Programmers and coders are incessantly championed by digital artists - a pack of pseudo-scientific aesthetes - as the really creative people. The point being that once you dive into the endless swamp of metaphysical computations and possibilities, you're somehow getting to the heart of the matter. That is if you are desperate enough to believe that art should be about truth, nature, beauty, life & existence. Staking such claims for mathematicians is ultimately born of artists who have hang-ups about being artsy-fartsy, wanky & elitist. Rather than accept their flowery, powdery status, they seek validation from the most empirical of all languages: maths. Fair enough to metaphorically articulate proximity between the sciences and the arts, but please: don't introduce me to a mathematician. Or a computer programmer. I know of great plumbers without whose genius craft my toilet wouldn't run so smoothly, but I ain't going to dump them on you as a way of articulating a world view.

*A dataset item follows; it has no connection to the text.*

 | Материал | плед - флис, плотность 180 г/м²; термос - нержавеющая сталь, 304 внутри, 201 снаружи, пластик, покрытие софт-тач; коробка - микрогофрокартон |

Fucking (or at least rimming) the arse of science is the cheapest of all self-validating practices. Like, numbers don't lie. Like, we understand the world through ratio, scale & frequency. Like, all sci-fi movies use algebra as the means to communicate to extra-terrestrial life-forces. Pure numerical delusion. These are all fantasies which lie moulding in the minds of math teachers. Now they're being extolled as visions by digital artists. A more immediate, probable scenario lies in the all-time greatest fucking-with-children's-minds movie: MAC & ME. Sponsored by Macdonald's (sic), cute aliens understand life on earth by eating a Big Mac. And we all know what computer programmers and coders eat.

Mania 4: obsessive interactivity

Everyone believes they have supreme powers in this wacky chauvinist world of ours. Sportsmen ritualize it. Serial killers enact it. Artists mysticize it. Digital artists are the worst: they believe in their power so much that they make a big deal about rejecting it. Welcome to the world of interactivity. Actually, I didn't mean to welcome you, because I want you to empower yourself to choose to enter this world. So let's try that again. (...) Hi! Welcome to the world of interactivity.

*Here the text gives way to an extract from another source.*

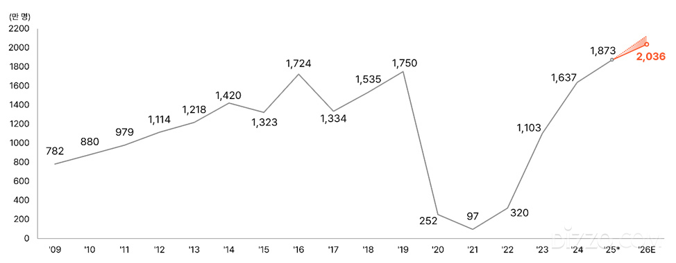 2026년 방한 외래 관광객이 2,000만 명을 돌파하며 역대 최고치를 경신할 것이라는 전망이 나왔다. 하지만 우리 국민의 해외여행 역시 3,000만 명대로 늘어나면서 약 1,000만 명 규모의 '인아웃바운드 불균형'은 지속될 것으로 예측됐다.

See how different that was? You chose to do it. Aren't you special? But really, I'm even more special because I'm controlling this dumb game of interactivity. I'm lying. You're not special at all. You're stupid. I'm in control, babe. Here's two icons. Which will you chose? (Duh.) Isn't life grand when you are empowered to have choice? Interactive art is sublimely ignorant of the facile illusion of choice it conjures up. As if I care which icon I click, which path I take, which role I play, which link I follow, which decision I make. Life is messy, distorted, dirty, hazy, confused, uncontrollable. Interactivity in digital art is the most escapist method imaginable to avoid this.

Stemming from the miasma of pseudo-decision-making that is interactivity, digital artists push the envelope (whatever that means) by expanding the physicality of the computer to engage the 'active user' (TV is for potatoes, man). Welcome to the fetishistic dungeon of triggering. Laser beams, light sensors, thermal charges, audio recorders, microwave transmitters, earth conductors, chemical reactions - anything that can be made to make something turn on or off will be used. I guess 'switches' are so inhuman and uninteractive. Thank you, digital artists, for making the world so more expansive for me when I stand before your myopic installation. Internet activity making your muscles twitch, barometers making triangles of colour flick around a screen, my presence changing the patch on your DX7 - never before have artists believed themselves to be so powerful. The cosmos is yours; by interacting, I share it with you. Your art is as expansive as the sticky old slides of space projected in the planetarium.

Dedicated to Marlon Brando, Sandra Bernhard, Dan Clowes & Steve Albini.